Only Jesus is without sin.

The religious leaders interpreted God’s Law to mean they had the right to punish sin. Jesus turned that idea on its head! Let’s revisit the passage one more time, this time zeroing in on verse 7:

“Let him who is without sin among you be the first to throw a stone at her.”

Only Jesus is without sin. Because of this, He was the only one in the crowd that day with the authority to condemn the woman, and yet He did not.

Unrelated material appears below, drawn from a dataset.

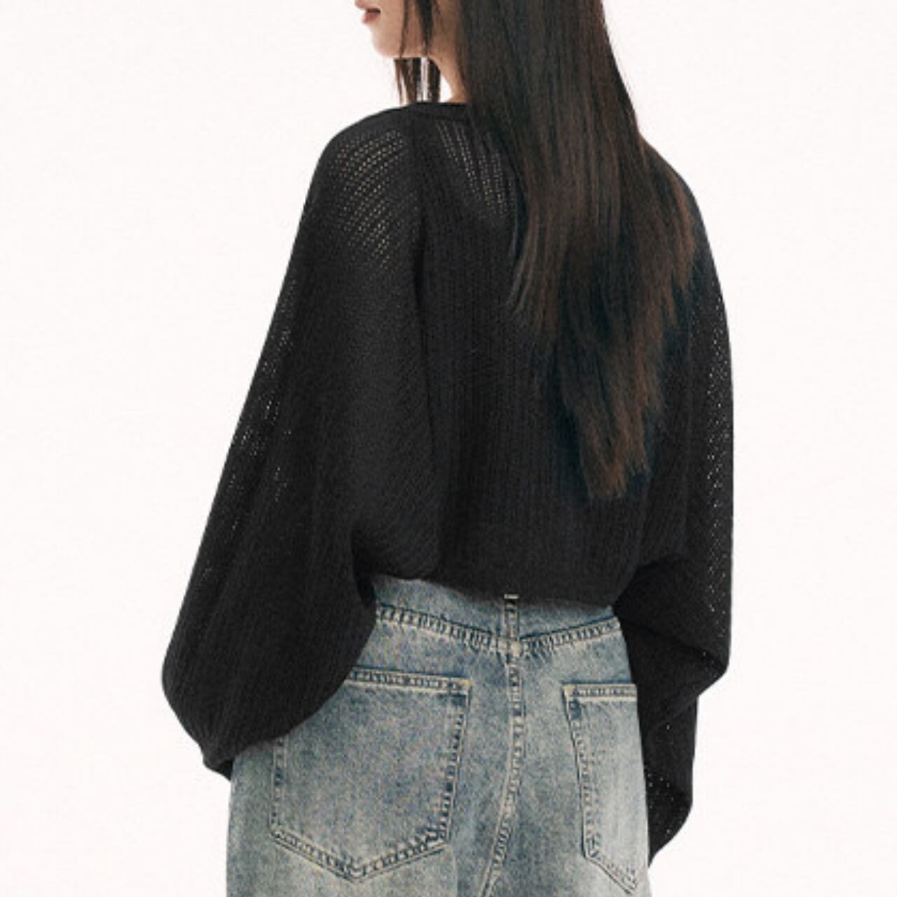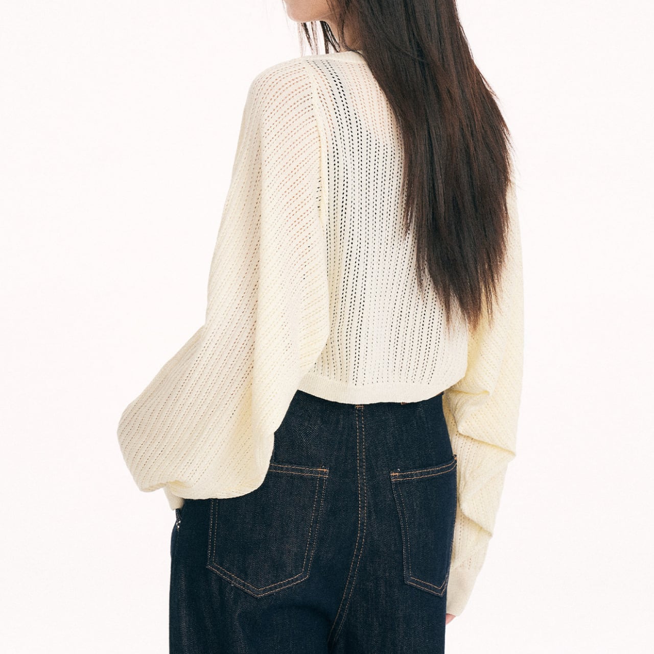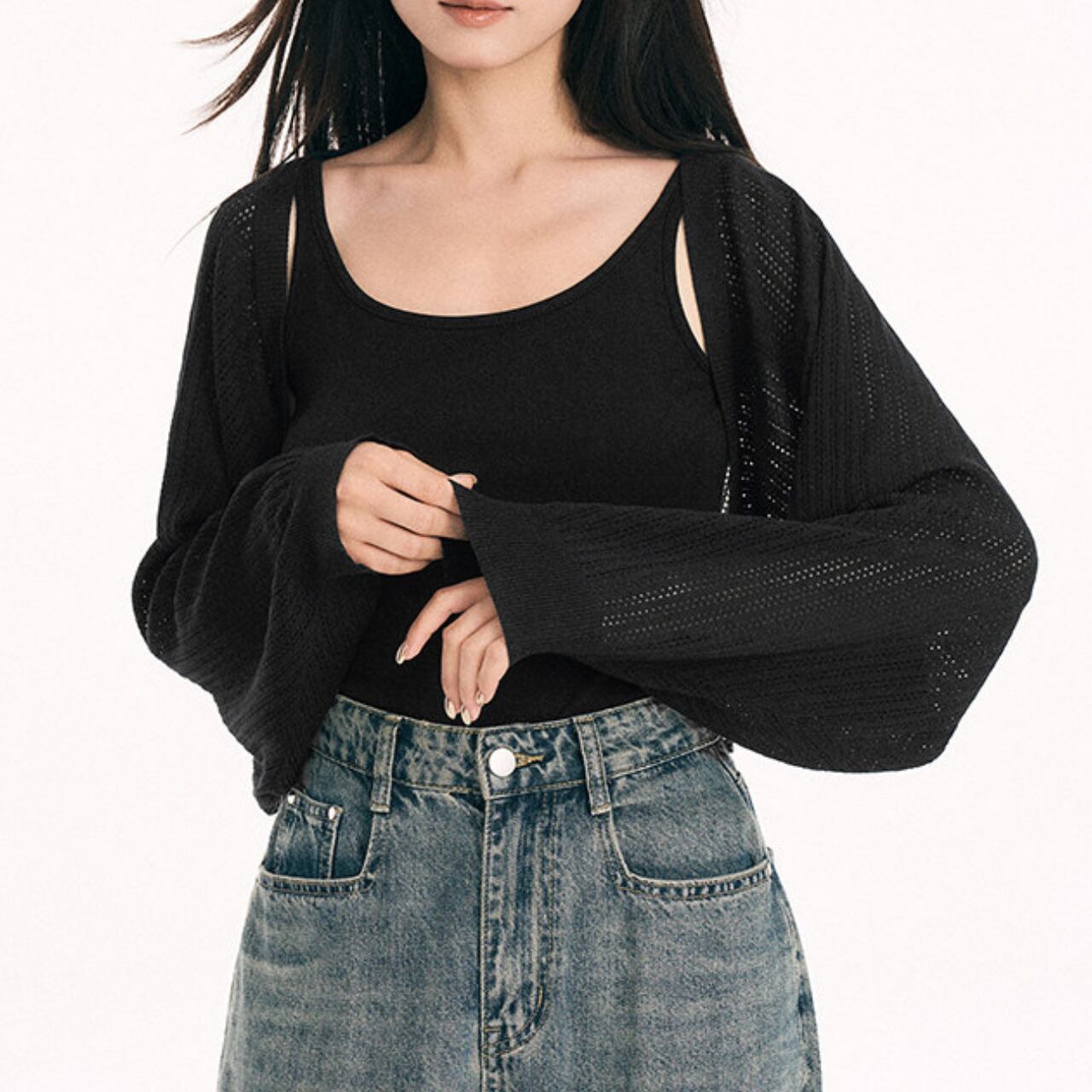 さっと羽織れるオープンフロントの長袖ニットカーディガン。

That’s very good news when we look past the adulterous woman’s story and toward our own.

Check out Romans 6:23.

According to this verse, the punishment (or wages) for sin is always death. Since we’re all sinners, we all deserve the death penalty. Yet instead of death, Jesus offered the adulterous woman forgiveness. What gives? Did her sin go unpunished? Did Jesus make an exception? Let her off the hook? For answers, we need to wrestle with a big word—propitiation.

Paid in Full

Check out Romans 3:23-25.

We see that fancy word “propitiation” in verse 25. It simply means full payment. Like making your final car payment or paying your full tuition for a college semester, only this kind of payment is a zillion times better.

The debt for our sin is transferred from us to Jesus.

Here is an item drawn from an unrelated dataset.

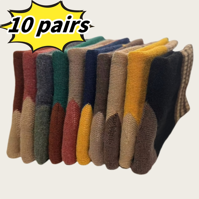 TEMU 남녀용 10 쌍 두꺼운 허벅지 상의 양말 - 따뜻한 줄무늬 및 단색, 폴리에스터/스판덱스 블렌드, 가을 및 겨울 야외 사이클링에 완벽한, 손세탁/건조 세탁, 겨울 양말, 가을 신발, 편안한 니트 양말, 내구성 있는 니트 양말
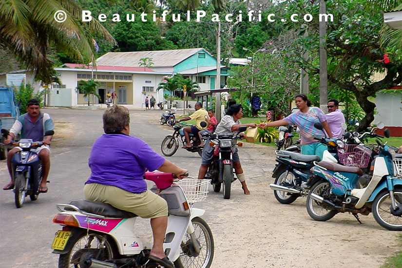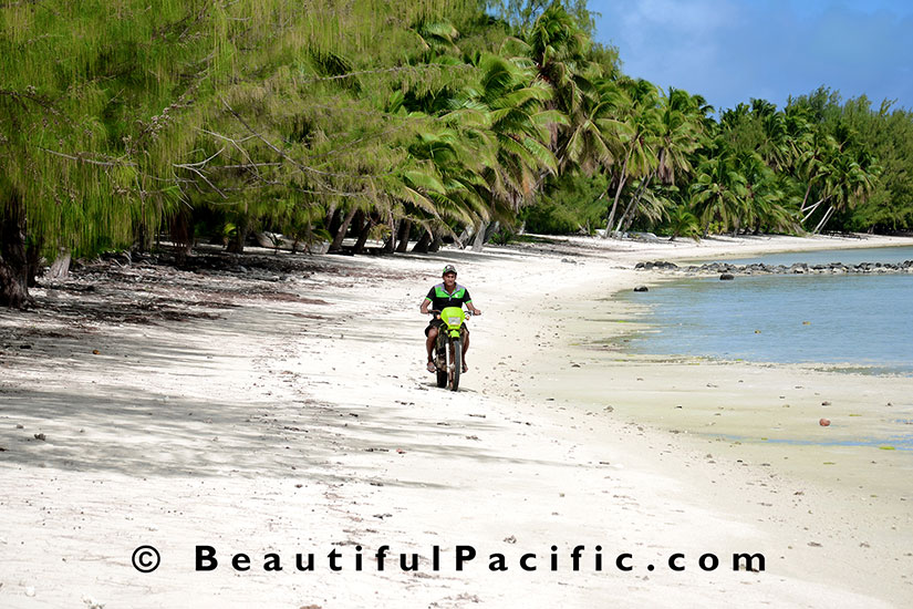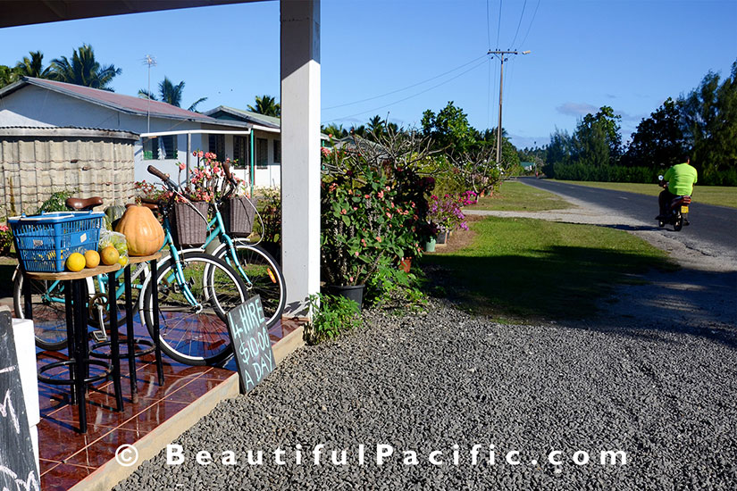 The coastal road of Aitutaki is mostly bitumen but in places along the south and east coast the road is still sandy. There is little traffic on Aitutaki and few cars or trucks - most people get about by moped. Roads meander throughout central Aitutaki where there are several small villages, the high school, hospital and family plantations.

The penalty for sin is always death. The adulterous woman deserved it. She was guilty after all. And we deserve death, too. We are guilty of breaking God’s law over and over and over. Jesus willingly paid the price because we were powerless to pay it. That’s not the same as ignoring sin. Instead, the debt for our sin is transferred from us to Jesus. He makes the payment; He is the payment.

We Are She

The adulterous woman was a real woman who really lived. Though Jesus dramatically rescued her, this is not a fairy tale. We’re taking the time to point you to this story in God’s Word today because the grace Jesus gave to her is available to you.

Jesus doesn’t ignore your sin and the Father cannot accept it, but the heavy price for it has already been paid by Jesus on the cross.

She was a woman who failed.
She was a woman who sinned.
She was a woman who was broken.

She is me. We are she.

To feel the weight of grace, imagine stepping back in history to the time of this story. Put yourself in the place of the adulterous woman. Replace her sin with an area where you know you fail to measure up to God’s standards. Picture being caught in your sin and being humiliated because of it. Then imagine Jesus gently urging you to stop sinning while freely offering forgiveness.

That offer remains on the table. May you have your own encounter with radical grace!